#### SUPPLIED INFORMATION
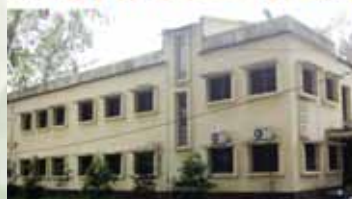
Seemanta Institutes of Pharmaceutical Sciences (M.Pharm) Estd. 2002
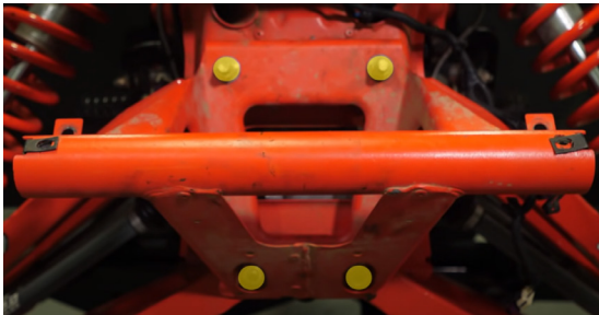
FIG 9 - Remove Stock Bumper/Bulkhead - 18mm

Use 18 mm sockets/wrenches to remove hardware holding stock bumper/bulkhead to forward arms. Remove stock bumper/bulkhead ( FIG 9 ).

#### WHAT YOU WILL DO
Type the material out again exactly. Skip the pictures.

#### RESULT
Seemanta Institutes of Pharmaceutical Sciences (M.Pharm) Estd. 2002
FIG 9 - Remove Stock Bumper/Bulkhead - 18mm

Use 18 mm sockets/wrenches to remove hardware holding stock bumper/bulkhead to forward arms. Remove stock bumper/bulkhead ( FIG 9 ).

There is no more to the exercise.